[Data items]
-- -- --
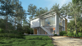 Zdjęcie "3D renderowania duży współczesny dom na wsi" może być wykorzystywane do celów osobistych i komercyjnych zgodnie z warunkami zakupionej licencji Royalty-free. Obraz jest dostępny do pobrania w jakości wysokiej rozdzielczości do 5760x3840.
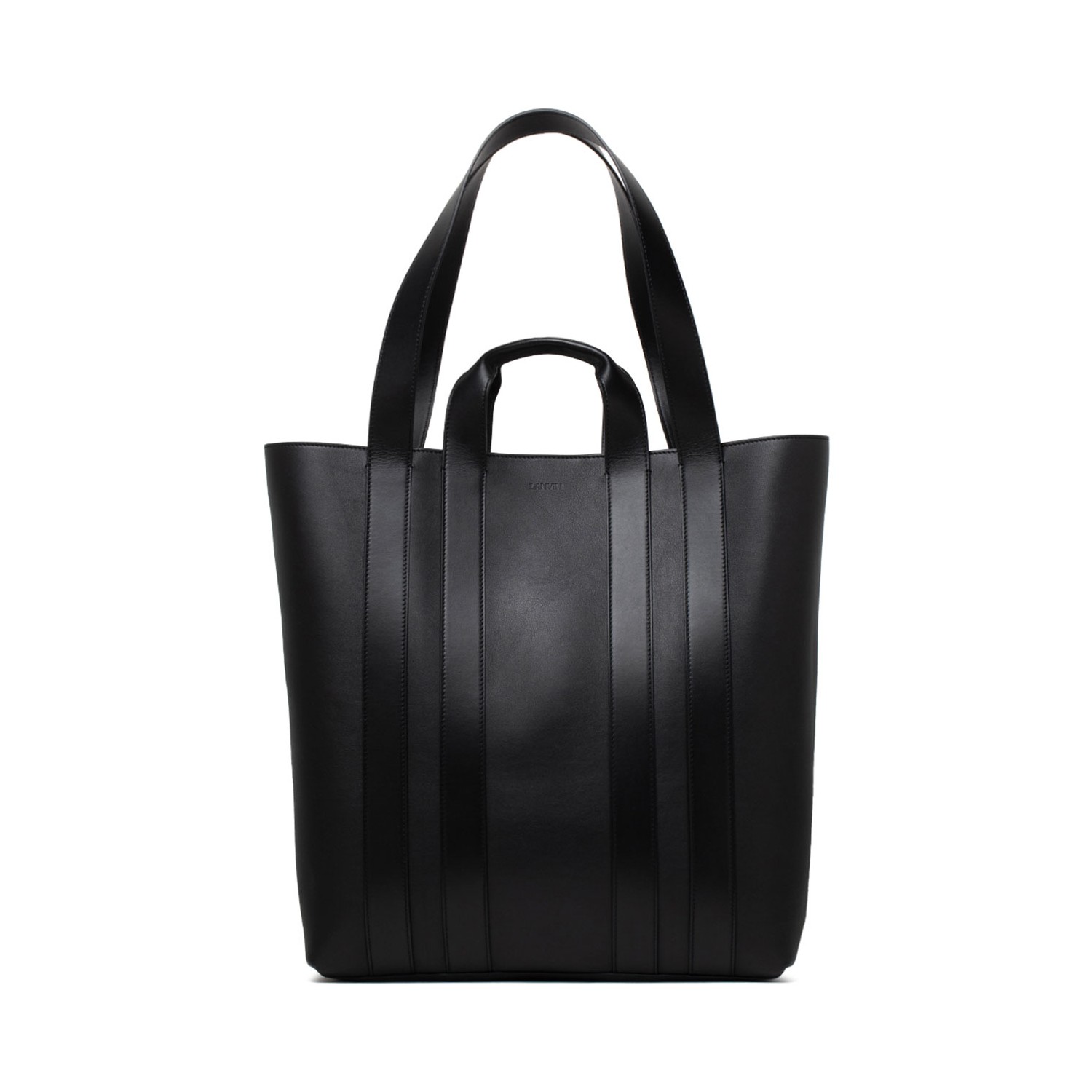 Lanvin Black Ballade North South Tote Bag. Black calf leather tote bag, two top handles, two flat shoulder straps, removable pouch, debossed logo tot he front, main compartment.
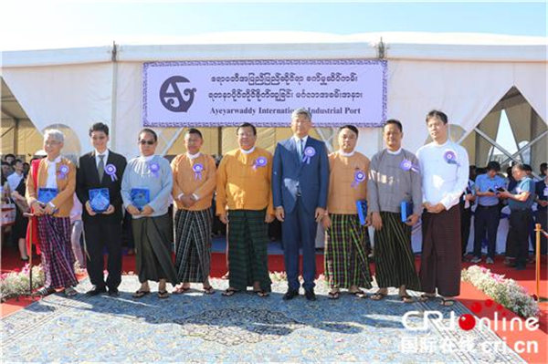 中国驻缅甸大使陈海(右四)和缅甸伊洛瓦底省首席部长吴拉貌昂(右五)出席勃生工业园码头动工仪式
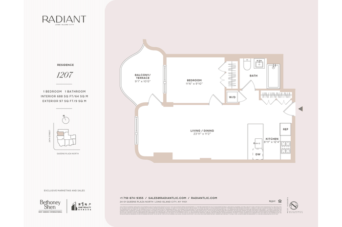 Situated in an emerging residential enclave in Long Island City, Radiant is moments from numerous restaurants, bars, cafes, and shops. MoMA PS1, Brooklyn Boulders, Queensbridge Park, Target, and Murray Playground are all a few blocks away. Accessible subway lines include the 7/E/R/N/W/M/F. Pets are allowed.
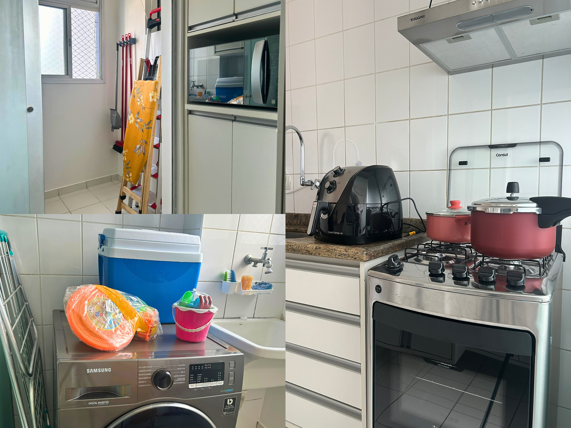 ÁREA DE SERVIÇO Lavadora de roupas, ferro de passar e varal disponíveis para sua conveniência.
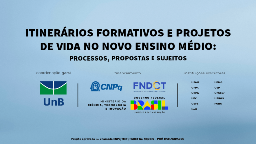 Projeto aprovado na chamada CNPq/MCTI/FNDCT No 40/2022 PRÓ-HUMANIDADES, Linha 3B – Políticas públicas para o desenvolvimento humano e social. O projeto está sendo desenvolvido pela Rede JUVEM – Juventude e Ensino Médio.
-- -- --
Give back exactly, and only, the lines from the one holding "中国驻缅甸大使陈海(右四)和" through the last line of the entries, with every picture omitted.

[FINAL ANSWER]
 中国驻缅甸大使陈海(右四)和缅甸伊洛瓦底省首席部长吴拉貌昂(右五)出席勃生工业园码头动工仪式
 Situated in an emerging residential enclave in Long Island City, Radiant is moments from numerous restaurants, bars, cafes, and shops. MoMA PS1, Brooklyn Boulders, Queensbridge Park, Target, and Murray Playground are all a few blocks away. Accessible subway lines include the 7/E/R/N/W/M/F. Pets are allowed.
 ÁREA DE SERVIÇO Lavadora de roupas, ferro de passar e varal disponíveis para sua conveniência.
 Projeto aprovado na chamada CNPq/MCTI/FNDCT No 40/2022 PRÓ-HUMANIDADES, Linha 3B – Políticas públicas para o desenvolvimento humano e social. O projeto está sendo desenvolvido pela Rede JUVEM – Juventude e Ensino Médio.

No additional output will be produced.